Primary factors include parasites (Otodectes, Psoroptes, Sarcoptes, Demodex spp), foreign bodies (grass awn, concreted wax, medications), tumors (cerumin gland adenoma, inflammatory polyps), hypersensitivity (atopic dermatitis, food sensitivity, contact dermatitis), disorders of keratinization, hypothyroidism, autoimmune diseases, juvenile cellulitis, and irritants (cleaners, plucking fur, etc).
Predisposing factors are often congenital or environmental and include conformation (pinnal carriage, narrow ear canal, excessive hair or ceruminous glands), maceration of the ear canal from overtreatment or swimmer's ear, and systemic disease. Small changes in the otic microclimate may alter the delicate balance of normal secretions and microflora and result in opportunistic infections. Any disease that affects normal responses to pathogens can predispose the ear canal to opportunistic infections.
Perpetuating factors include otitis media and progressive pathologic changes. Once the environment of the ear canal has been altered by a combination of primary and predisposing factors, opportunistic infections (a secondary factor) and pathologic changes occur, which prevent resolution of the disease. Chronic pathologic changes in the ears may also reflect a generalized systemic or skin disease. Unless all the causes are identified and treated, recurrence may be expected.
Clinical Findings and Diagnosis
Signalment and a thorough dermatologic history provide information suggestive of primary problems (eg, genetic, hypersensitivity, keratinization disorders). The history will determine if the otitis is acute, chronic, or recurrent. Acute conditions tend to be parasitic or a foreign body. Chronic conditions point toward a hormonal, allergic, or neoplastic process, or a keratinization disorder. A thorough physical and dermatologic examination provide diagnostic clues related to hypersensitivity, endocrine, immune-mediated, and keratinization disorders that also affect the ear. The type of and response to previous otic therapy is also important. Inadequate therapy can lead to a chronic condition.
The outside of the ear should be examined, and any erythema, edema, crusts, scale, ulcers, lichenification, hyperpigmentation, or exudates should be noted. In addition to an otoscopic examination, skin scrapings, cytologic evaluation of exudate, a Wood's lamp examination, and dermatophyte culture should be done in every case.

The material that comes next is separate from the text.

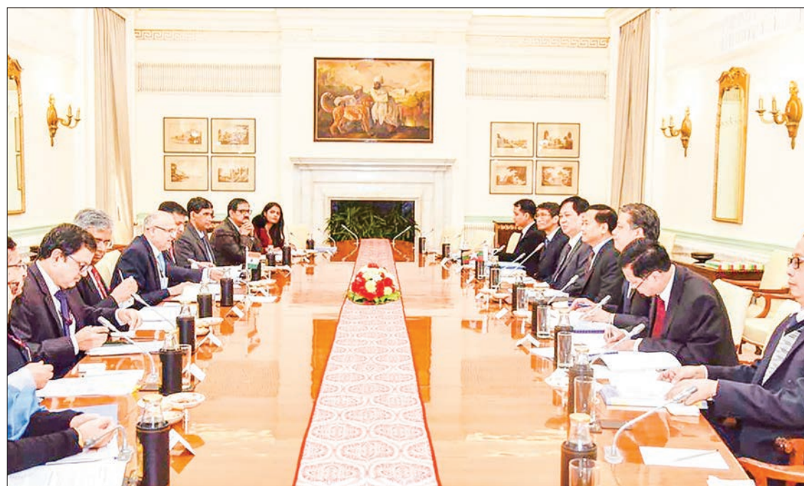
Permanent Secretary of the Ministry of Foreign Affairs U Soe Han and Foreign Secretary of the Ministry of External Affairs of India Mr Vijay Gokhale attend the 18 th round of Myanmar-India Foreign Office Consultations (FOC) at the Hyderabad House in New Delhi on 6 December 2019.

At the Foreign Office Consultations, both sides cordially discussed a wide range of matters pertaining to the promotion of bilateral relations and cooperation, exchange of high level visits, boundary matters and border cooperation, security and defence cooperation, development of ongoing projects in Myanmar, trade and commerce matters, implementation of agreements and Memoranda of Understanding signed between

The pinnae and periauricular regions should be inspected for evidence of self-trauma, erythema, and primary and secondary skin lesions. Pinnal deformities, hyperplastic tissue in the canal, and head-shaking suggest chronic otic discomfort.
For animals with unilateral signs, the unaffected ear should be examined first to prevent iatrogenic contamination of the unaffected ear with organisms (eg, Pseudomonas aeruginosa or Proteus mirabilis) that may be present in the diseased ear. The unaffected ear may, in fact, be diseased, requiring an adjustment of the differential diagnosis list to include causes of bilateral otitis.
Ear disease is both painful and pruritic, so heavy sedation or general anesthesia may be needed to perform a thorough examination. This is especially true if the ear canal is obstructed with exudate or proliferative inflammatory tissue, or if the animal is uncooperative. An otoscopic examination will allow identification of deep otic foreign bodies, tumors, impacted debris, low-grade infections with Otodectes cynotis, and ruptured or abnormal tympanic membranes.
Otoscopic examination can be conducted using a handheld otoscope or a video otoscope. A handheld otoscope must have enough light and magnification to clearly visualize the external canal to the level of the tympanic membrane. Otoscopic cones designed for use in dogs and cats are available in several sizes to accommodate anatomic differences. Two types of heads are available. A diagnostic head, which has a large magnifying lens through which to view the canal, is used to examine the ear. A surgical head has a much smaller magnifying lens, but there is space between the lens and the cone holder to insert a swab or instrument. The surgical head is used when biopsies, foreign body removal, or deep flush of the canal is anticipated.
A video otoscope allows tremendous magnification of the ear canal and tympanic membrane. Findings can be recorded via a video or digital recorder. Most have a working channel through which biopsy instruments, catheters for flushing debris from the canal, and even laser tips can be passed. Video otoscopes allow visualization through water and saline, allow visualization of the integrity of the tympanic membrane, and facilitate sampling and culture of the middle ear.
During an otoscopic examination, the ear canal should be inspected for changes in diameter, pathologic changes in the skin, quantity and type of exudate, parasites, foreign bodies, neoplasms, and changes in the tympanic membrane. The tympanic membrane should be examined for evidence of disease or rupture. However, in many cases of otitis, the character of the ear canal and tympanic membrane cannot be visualized at all until the exudate is gently flushed from the canal. Samples for cytologic evaluation and culture should be obtained before the ear is flushed. Examination is attempted again after the ear is dried. In chronic cases the canal is often too stenotic, either from hyperplasia or edema, to be examined. Systemic glucocorticoids given daily for a week may reduce swelling enough to allow examination.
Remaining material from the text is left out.